東京電力福島第1原発から出る処理水について、早ければ24日からの海洋放出開始が決まった。
岸田文雄首相は22日の関係閣僚会議で「風評影響やなりわい継続に対する不安に対処すべく、政府として責任を持って取り組む」と表明。福島県内の漁業関係者らからは「約束は破られた」といった怒りや、「風評被害に慣れてしまった」など諦めの声が聞かれた一方、「共存は避けられない」と理解を示す人もいた。
新地町の漁師小野春雄さん(71)は「大臣や首相は一部の漁業関係者と話すばかりで、最後まで多くの地元漁師らと直接話して、理解を働き掛けなかった。『関係者の理解なしにいかなる処分もしない』という政府の約束は破られたと思っている」と憤る。「漁業関係者にとって処理水の放出はデメリットばかりで、(魚の)買い控えは起こる」と吐露した。
「放出には反対だが、どうせ流すつもりだろうと諦めている」というのは、相馬市で鮮魚店を営む男性。懸念される新たな風評被害についても「最終的には消費者心理の問題。県外で買い控えなどが起こるだろうが、原発事故以来続いていることで慣れてしまった」と語った。

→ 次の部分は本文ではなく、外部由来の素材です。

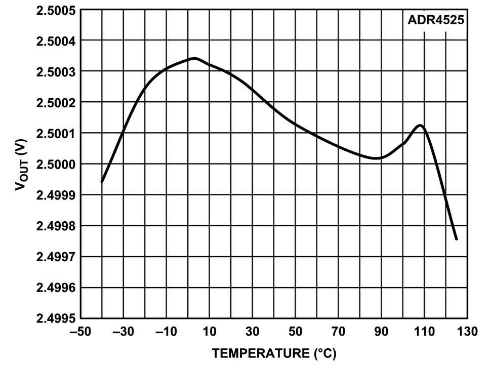 Warto też przeliczać ppm/°C na wartość bezwzględną. Dla VREF=2,5 V dryf 2 ppm/°C oznacza zmianę o 5 μV/°C. Przy 50°C różnicy temperatury daje to 250 μV, czyli 0,01%, oczywiście tylko przy założeniu, że charakterystyka termiczna przebiega w przybliżeniu liniowo, przynajmniej w rozpatrywanym zakresie temperatur pracy. Tak czy inaczej, w systemie 16-bitowym o pełnej skali 2,5 V jeden LSB to około 38 μV, więc sam dryf może w najgorszym wypadku odpowiadać nawet kilku LSB. Im wyższa rozdzielczość i im dłuższy czas pracy bez rekalibracji, tym stabilniejsze temperaturowo źródło jest potrzebne. Nieprzypadkowo w literaturze wiąże się czasem układy typu buried Zener z systemami 14-, 16- czy 24-bitowymi, a prostsze bandgapy raczej z niższymi rozdzielczościami (10...12 bitów). Dziś granice te zatarły się znacznie bardziej niż kiedyś, ale sama logika obliczeń i procesu decyzyjnego pozostaje słuszna.

相馬市で80年以上続く海産物問屋の社長佐竹真理子さん(62)は放出には反対だとしながらも「陸上保管を続けるわけにもいかず、処理水との共存は避けられない」と打ち明けた。一方、風評被害対策については、「お金だけでは解決しない。国や東電には賠償ではなく安全性の周知に特に力を入れてほしい」と注文を付けた。